American football player (born 1948)

William Dusenbery (born September 15, 1948) is an American former professional football player who was a running back for one season with the New Orleans Saints of the National Football League (NFL). He was selected by the Houston Oilers in the second round of the 1970 NFL draft. He played college football at Johnson C. Smith University.

==Early life==
William Dusenbery was born on September 15, 1948, in Washington, D.C. and attended Paul Laurence Dunbar High School in Lexington, Kentucky.

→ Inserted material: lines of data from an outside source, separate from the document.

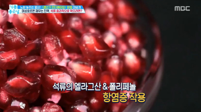 석류는 에스트로겐과 유사한 물질 '엘라그산'과 몸 속 노화를 막아주는 역할을 하는 '폴리페놀' 성분이 풍부해 여성갱년기에 좋은 음식으로 꼽힌다.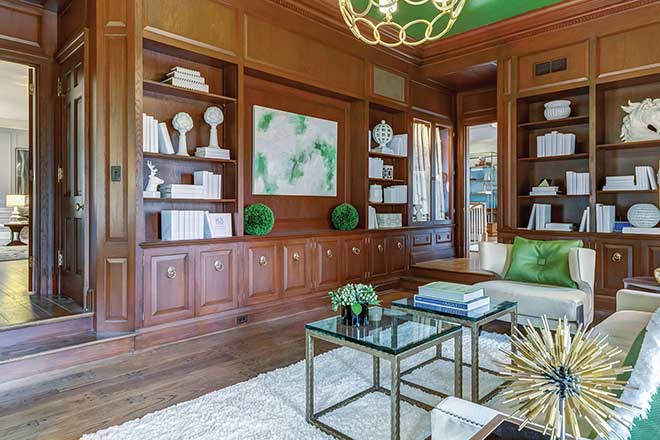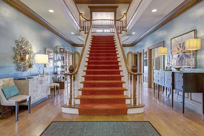 After designing plans and getting feedback from real estate firms, construction began to transform the home to its former glory as a Southern Colonial manse. “It was kind of a trainwreck inside,” Porter says. “We didn’t gut everything because there were tons of great features we wanted to keep, like the fabulous millwork and beautiful entrance staircase that makes you feel like you’re in Gone with the Wind.” Other things had to go, like the wallpaper covering every room and flooring that wasn’t level.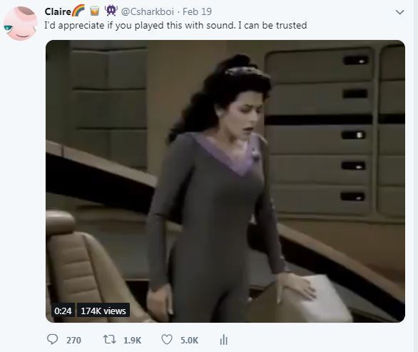This is an edited gif of Deanna Troi farting. I’d like to apologise in advance to Marina Sirtis who by all accounts is a wonderful human and was in one of my fav games of all time, Mass Effect.

He helped Dunbar win the state title and also played in the 1966 Shrine Bowl.

==College career==
Dusenbery played college football for the Johnson C. Smith Golden Bulls of Johnson C. Smith University, where he was the starting running back from 1966 to 1969. He earned all-conference honors his senior year in 1969. He rushed 447 times for 2,543 yards and 23 touchdowns during his college career. He was inducted into the Johnson C. Smith University Athletics Hall of Fame in 1997 and the CIAA Hall of Fame in 2024.

==Professional career==
Dusenbery was selected by the Houston Oilers in the second round, with the 40th overall pick, of the 1970 NFL draft. He signed with the Oilers in 1970. He was traded to the Saints later in 1970. He played in eight games for the Saints during the 1970 season, rushing four times for six yards and returning ten kicks for 183 yards. He was released by the Saints in 1971.

Dusenbary signed with the Oilers again in 1973, but was released later that year.

==Personal life==
Following his football career, Dusenbery worked for the Los Angeles Parks and Recreation Department for 35 yards, including a stint as Senior Director.